What you are asked to do - Take the material below and reproduce, word for word, only the lines from the line with "Camisa Vintage de" through the line with "3月19日上午,校党委书记贺".
===== Input =====
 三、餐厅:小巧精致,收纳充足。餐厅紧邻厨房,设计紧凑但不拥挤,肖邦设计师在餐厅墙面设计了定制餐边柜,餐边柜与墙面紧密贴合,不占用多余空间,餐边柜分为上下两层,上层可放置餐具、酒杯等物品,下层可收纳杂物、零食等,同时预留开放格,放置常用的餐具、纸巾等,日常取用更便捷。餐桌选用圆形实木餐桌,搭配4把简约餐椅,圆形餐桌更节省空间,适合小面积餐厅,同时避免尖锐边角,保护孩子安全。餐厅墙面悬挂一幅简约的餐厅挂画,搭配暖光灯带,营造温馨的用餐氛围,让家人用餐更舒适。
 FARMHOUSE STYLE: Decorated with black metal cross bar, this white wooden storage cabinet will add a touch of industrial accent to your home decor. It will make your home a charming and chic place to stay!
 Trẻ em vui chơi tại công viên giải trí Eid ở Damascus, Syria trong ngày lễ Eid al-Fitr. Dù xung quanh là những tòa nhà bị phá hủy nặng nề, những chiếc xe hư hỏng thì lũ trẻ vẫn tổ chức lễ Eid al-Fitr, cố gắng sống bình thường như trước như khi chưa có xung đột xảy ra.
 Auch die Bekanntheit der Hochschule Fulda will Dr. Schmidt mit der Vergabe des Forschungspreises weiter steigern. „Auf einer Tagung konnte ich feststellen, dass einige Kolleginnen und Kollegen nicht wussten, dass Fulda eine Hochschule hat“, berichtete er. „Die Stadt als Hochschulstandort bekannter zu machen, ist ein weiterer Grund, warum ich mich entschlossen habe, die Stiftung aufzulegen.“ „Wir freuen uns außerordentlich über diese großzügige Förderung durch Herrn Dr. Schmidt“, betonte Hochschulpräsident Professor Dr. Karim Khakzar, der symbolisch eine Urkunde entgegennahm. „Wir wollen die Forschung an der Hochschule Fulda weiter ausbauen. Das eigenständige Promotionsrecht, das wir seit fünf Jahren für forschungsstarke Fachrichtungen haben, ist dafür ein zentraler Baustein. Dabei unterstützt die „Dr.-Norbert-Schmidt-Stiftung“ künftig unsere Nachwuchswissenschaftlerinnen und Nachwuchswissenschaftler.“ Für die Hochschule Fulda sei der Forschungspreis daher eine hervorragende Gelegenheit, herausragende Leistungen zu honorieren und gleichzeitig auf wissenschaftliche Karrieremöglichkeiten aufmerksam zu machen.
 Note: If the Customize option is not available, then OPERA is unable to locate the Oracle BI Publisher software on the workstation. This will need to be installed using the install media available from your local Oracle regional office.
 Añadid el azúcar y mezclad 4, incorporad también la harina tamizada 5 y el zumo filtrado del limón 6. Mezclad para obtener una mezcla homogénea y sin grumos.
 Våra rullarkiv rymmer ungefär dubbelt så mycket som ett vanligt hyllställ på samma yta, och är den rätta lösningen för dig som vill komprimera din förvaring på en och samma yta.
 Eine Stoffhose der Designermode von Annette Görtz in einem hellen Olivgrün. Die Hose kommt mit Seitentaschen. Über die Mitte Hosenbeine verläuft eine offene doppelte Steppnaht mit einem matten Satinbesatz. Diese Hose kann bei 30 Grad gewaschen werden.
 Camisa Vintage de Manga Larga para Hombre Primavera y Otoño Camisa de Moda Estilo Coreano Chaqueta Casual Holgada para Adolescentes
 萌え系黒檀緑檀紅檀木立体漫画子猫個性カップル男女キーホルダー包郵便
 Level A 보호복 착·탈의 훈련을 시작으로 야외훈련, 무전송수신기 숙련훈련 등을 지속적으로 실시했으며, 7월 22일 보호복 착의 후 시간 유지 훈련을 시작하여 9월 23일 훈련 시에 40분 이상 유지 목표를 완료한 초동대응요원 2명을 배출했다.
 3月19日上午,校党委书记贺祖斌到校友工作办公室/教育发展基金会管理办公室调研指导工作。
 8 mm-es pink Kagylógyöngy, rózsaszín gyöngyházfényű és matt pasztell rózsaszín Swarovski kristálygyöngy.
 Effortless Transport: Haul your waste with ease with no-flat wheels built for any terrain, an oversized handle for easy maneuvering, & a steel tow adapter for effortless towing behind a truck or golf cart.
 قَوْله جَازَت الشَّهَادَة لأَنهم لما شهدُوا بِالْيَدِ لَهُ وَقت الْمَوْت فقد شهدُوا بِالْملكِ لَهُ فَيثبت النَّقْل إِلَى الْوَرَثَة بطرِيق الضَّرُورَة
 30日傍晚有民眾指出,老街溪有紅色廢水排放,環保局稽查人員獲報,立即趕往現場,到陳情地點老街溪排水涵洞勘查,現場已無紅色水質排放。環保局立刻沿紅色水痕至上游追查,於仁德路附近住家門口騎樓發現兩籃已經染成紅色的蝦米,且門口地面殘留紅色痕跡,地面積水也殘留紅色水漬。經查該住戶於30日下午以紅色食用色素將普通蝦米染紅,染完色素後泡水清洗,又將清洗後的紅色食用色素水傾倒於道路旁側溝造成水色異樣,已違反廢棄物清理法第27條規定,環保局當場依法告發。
=====
Problem solution -
 Camisa Vintage de Manga Larga para Hombre Primavera y Otoño Camisa de Moda Estilo Coreano Chaqueta Casual Holgada para Adolescentes
 萌え系黒檀緑檀紅檀木立体漫画子猫個性カップル男女キーホルダー包郵便
 Level A 보호복 착·탈의 훈련을 시작으로 야외훈련, 무전송수신기 숙련훈련 등을 지속적으로 실시했으며, 7월 22일 보호복 착의 후 시간 유지 훈련을 시작하여 9월 23일 훈련 시에 40분 이상 유지 목표를 완료한 초동대응요원 2명을 배출했다.
 3月19日上午,校党委书记贺祖斌到校友工作办公室/教育发展基金会管理办公室调研指导工作。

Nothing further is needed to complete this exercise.